PYMID - Editorial

PROBLEM LINK:

Contest

Setter: a0n0k0i0t
Tester: a0n0k0i0t
Editorialist: a0n0k0i0t

DIFFICULTY:

Medium

PREREQUISITES:

Binary Search

QUICK EXPLANATION:

  • Formula for number of sockets required for height x is Soc(x) = x*(x+1)*(x+2)/6
  • Formula for number of sticks required for height y is Sti(y) = (y-1)*(y)*(y+1)
  • Given n , m maximize value of x and y such that:
    n \geq x*(x+1)*(x+2)/6
    m \geq (y-1)*y*(y+1)
  • Use binary search to get max value of x and y satisfying above conditions.
  • Let maximum values of such x be h1 and maximum value of such y be h2
  • h=min(h1,h2)

Explanation:

Observation 1:

The sequence of sockets in each level is
1,3,6,10...
The sequence of sticks in each level is
0,6,18,36,60...

In both the seqences the common difference forms an A.P. having sequence
2,3,4...
6,12,18,24...
Sum of sockets and sticks required for a height x and y respectively can be found using sequence and series mathematics .
n \geq x*(x+1)*(x+2)/6 \hspace{1cm} -(1)
m \geq (y-1)*(y)*(y+1) \hspace{1.2cm} -(2)

Obsevation 2:

1\leq n,m\leq 10^{16}
From equation (1) and (2) its not hard to see that
0 \leq x,y \leq 10^6 \hspace{1cm} (loose upper bound)

Now all that remains is to find maximum values of x and y such that it satisfies above equation.Let that be h1 and h2 respectively.
Maximum height of pyramid h possible h=min(h1,h2)

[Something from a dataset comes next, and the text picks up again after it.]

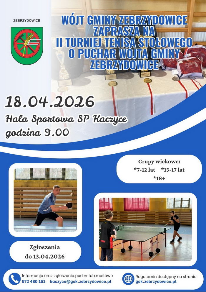 Regulamin II Turnieju Tenisa Stołowego o Puchar Wójta Gminy Zebrzydowice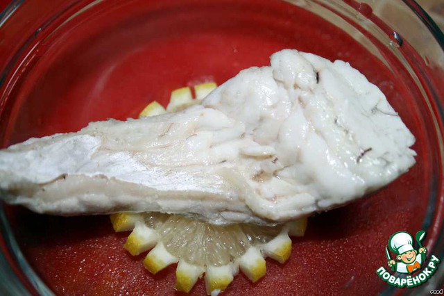 В форму выложить лимон, на него рыбу.

So, a possible solution is that we can linearly check on values of x,y and stop at the respective maximum.
But this approach has a time complexity of O(T*n^{1/3}) and will result in tle.
To optimise the solution use binary search with l=0 and r=10^6 .

Time complexity : O(T*log(n^{1/3}))

Alternative approach:

Using Observation 2 that
1\leq n,m\leq 10^{16}
We can construct and array beforehand to store all values of sockets and sticks required for height i
Let array A has values for number of sockets required for height 1 to 10^6
A_i = i*(i+1)*(i+2)/6
Let array B has values for number of sticks required for height 1 to 10^6
B_i = (y-1)*(y)*(y+1)
To answer each test case:
Simply find the lower bound of n and m from array A and B respectively and find the minimum.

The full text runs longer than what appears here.